● **Data segment**:
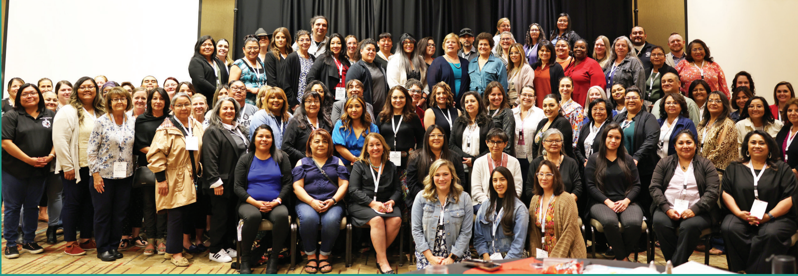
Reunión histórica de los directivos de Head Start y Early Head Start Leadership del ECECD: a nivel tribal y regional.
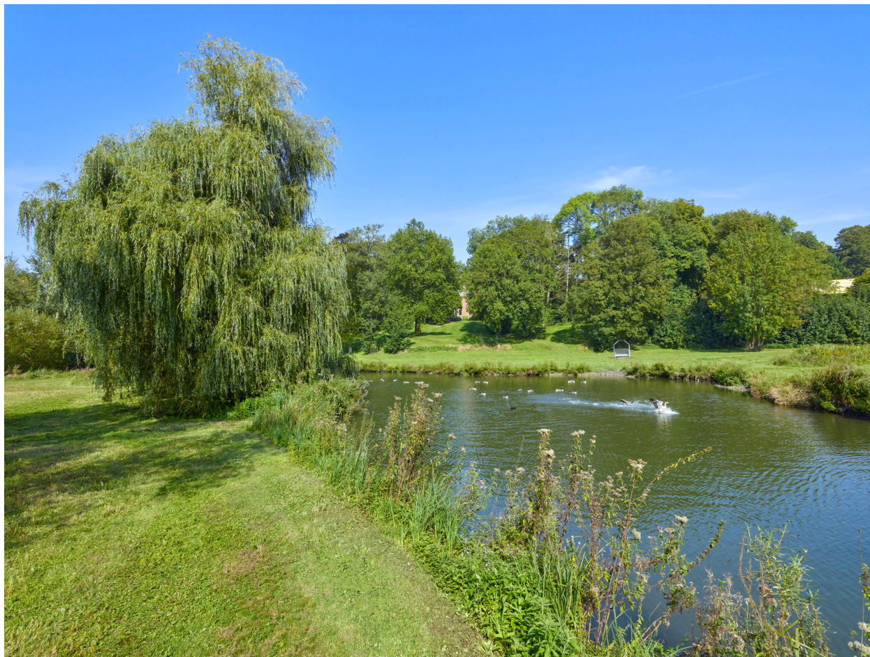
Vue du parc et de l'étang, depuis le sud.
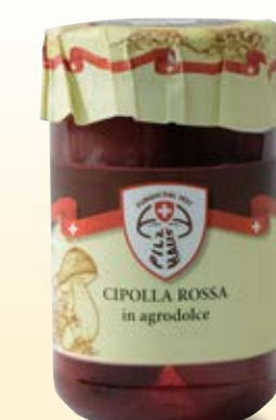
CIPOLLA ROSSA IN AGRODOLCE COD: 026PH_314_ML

● **Instructions to follow**: Each line above must be set down exactly, though no picture should be carried over.

● **Problem solution**:
Reunión histórica de los directivos de Head Start y Early Head Start Leadership del ECECD: a nivel tribal y regional.
Vue du parc et de l'étang, depuis le sud.
CIPOLLA ROSSA IN AGRODOLCE COD: 026PH_314_ML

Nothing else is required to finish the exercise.